31 / 08 / 2022

Les bienfaits de la marche : à la découverte de la meilleure façon de marcher

La marche, ce naturel qui nous habite depuis notre naissance, « est le meilleur remède pour l’Homme », disait déjà il y a plus de 2000 ans le grand Hippocrate. Le meilleur remède pour la pleine santé, et contre les maux du corps, mais aussi ceux de l’âme. Je vous propose de partir aujourd’hui à la découverte de la (guider vos pas dans la) meilleure façon de marcher pour en tirer le maximum de bénéfices santé, sous toutes ses formes tant physique que mentale. Car, outre garder le corps sain et l’esprit vif, la marche peut aussi soigner et guérir. Une bouffée d’oxygène d’autant plus salutaire dans ce contexte de rentrée, de retour au travail souvent à reculons, et de sinistrose…


En préambule…

Vous avez certainement tous en tête les recommandations de l’OMS selon lesquelles il faut faire 10 000 pas par jour pour garder la forme. Un repère quelque peu bousculé il y a un an, en 2021, avec la publication d’une étude américaine selon laquelle 7 000 pas par jour seraient tout aussi efficaces (auraient la même efficacité). En distance, cela représente - considérant généralement qu’un pas fait 0,75 cm -, un peu plus de 5 kilomètres (5,25 précisément). Soit une bonne heure de marche à un rythme normal ou 40 minutes en marche rapide1.
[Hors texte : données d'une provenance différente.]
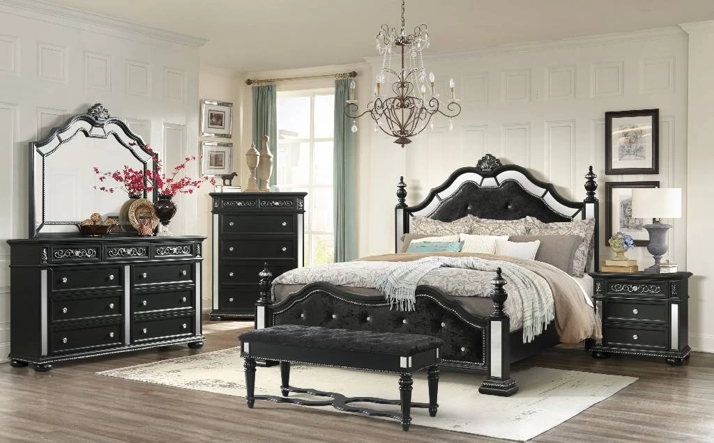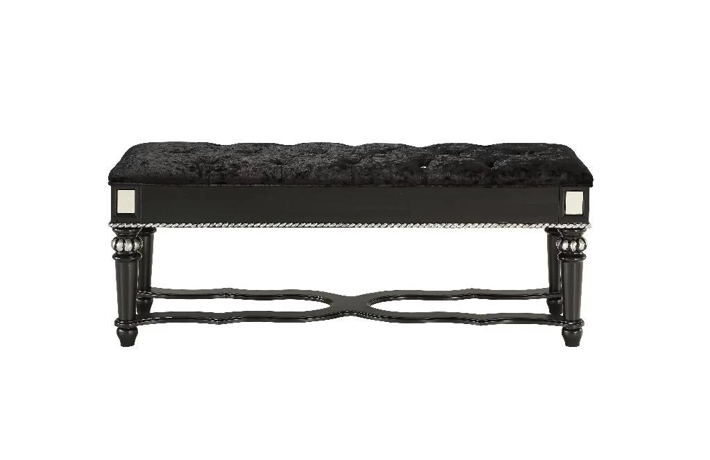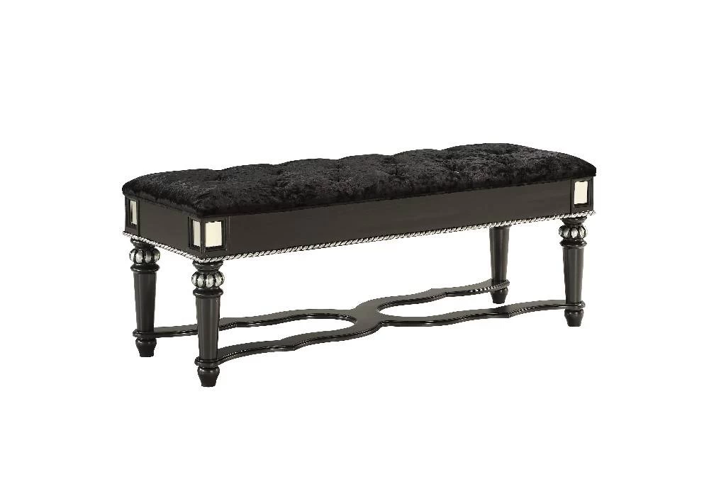 The Diana Bench has an heirloom appeal, the beautiful black finish enhances the character of the item. The Intricate carvings, tufted detailing and heirloom appearance add a touch of style to your . Queen Anne style feet are just an addition to the many qualities this bench possesses you will definitely sleep better knowing you chose a quality product!

Que la bonne quantité de pas quotidiens soit de 10 000 ou 7 000, l’homme moderne en est très loin. Il n’en atteint même pas la moitié. En France, par exemple, les adultes tournent autour de 3 000 pas par jour en moyenne.

C’est très peu, et bien trop peu au regard de notre très lointain passé où, chasseurs-cueilleurs, nous parcourions en moyenne entre 16 et 20 kilomètres par jour. L’homme d’aujourd’hui n’a certes pas à arpenter le monde ou à courir pour assurer sa survie alimentaire : tout est à portée de ses mains, il passe huit heures assis (au bureau) le jour en plus d’être allongé la nuit. Certes des millions d’années séparent ces deux records, mais quand même il est un fait que nous ne marchons pas assez.

Marcher, phénomène instinctif s’il en est, est pourtant ce que nous faisons depuis notre plus tendre enfance. Une fois les deux pieds posés sur terre, en quête d’équilibre et curieux de tout, nous faisions pas moins de 14 000 pas par jour ! C’est toujours le marathon quotidien d’un bambin aujourd’hui. Où sont passés nos milliers de pas à la découverte du monde ?

La science considère aujourd’hui l’immobilité comme une nouvelle forme de tabagisme. En un mot, il va falloir se remettre en route, et vous verrez que si vous vous laissez un peu aller, la nature de marcheur (quasi inépuisable, comme l’évolution a fait de nous), que vous êtes sans le savoir reviendra au galop ! Et point n’est besoin de suivre un programme sportif exténuant pour obtenir des résultats positifs sur votre santé, tant physique que mentale.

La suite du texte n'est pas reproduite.